Robustness

- The world changes, software changes, use changes, topology and hardware
change, things go wrong in lots of different ways. How well does the routing
algorithm handle all this?

- Does the algorithm find a routing table quickly (convergence)?
How does it adapt to abrupt changes in topology or state of the routers?
Is it possible to have oscillations?

- May be at odds with one another. What might be fair for a single link
may hurt throughput. Must decide on what is meant by optimality before
thinking about algorithms. For example, optimal could be for an individual
packet (least amount of time in transit) or could be for the system as
a whole (greatest throughput).

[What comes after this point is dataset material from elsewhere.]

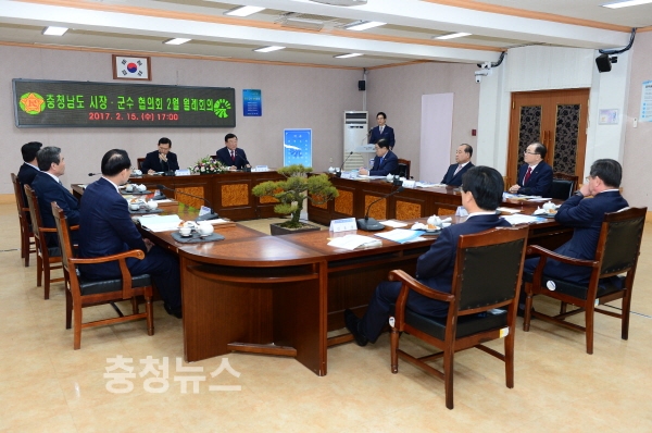 충청남도시장군수협의회(회장 박동철)는 15일 오후 홍성군청 대강당에서 월례회를 개최하고 당면한 현안에 대해 협의하는 시간을 가졌다.

Often times number of hops is chosen as
the metric to minimize as this represents both in some sense.

Optimality principle and sink trees

- Without regard to topology we can say:

If a router J is on the optimal path from router I to router K, then the optimal path from J to K also follows the same route.

Proof: if there was a better way from J to K, then you could use that with the path from I to J for a better path from I to K, so your starting point (the path from I to K was optimal) is contradicted.

If you apply the optimality principle then you can form a tree by taking the optimal path from every other router to a single router, B. The tree is rooted at B. Since it is a tree you don't have loops, so you know that each frame will be delivered in a finite number of hops. Of course finding the set of optimal trees is a lot harder in practice than in theory, but it still provides a goal for all real routing algorithms.

The shortest path algorithm just finds the least expensive path through the network, based on the cost function.

Dijkstra's algorithm is an example. You can start from source/destintation (doesn't matter in a unidirectional graph).

- Set probe node to starting node.
- Probe neighboring nodes and tentatively label them with (probe node, cummulative distance from start).
- Search all tentatively labeled nodes (and not just the nodes labeled from the current probe) for the minimum label, make this minimum node's label permanent, and make it the new probe node.
- If the probe node is the destination/source, stop, else goto 2.

- The distance part of the node labels is cummulative distance from the
starting node, not simply distance from the last probe node.

The key to discovering that you've gone down a bad (greater distance) path is that you examine all nodes with temporary labels in step 3. This means that you switch the probe node to another, shorter path if the you run into an high cost link.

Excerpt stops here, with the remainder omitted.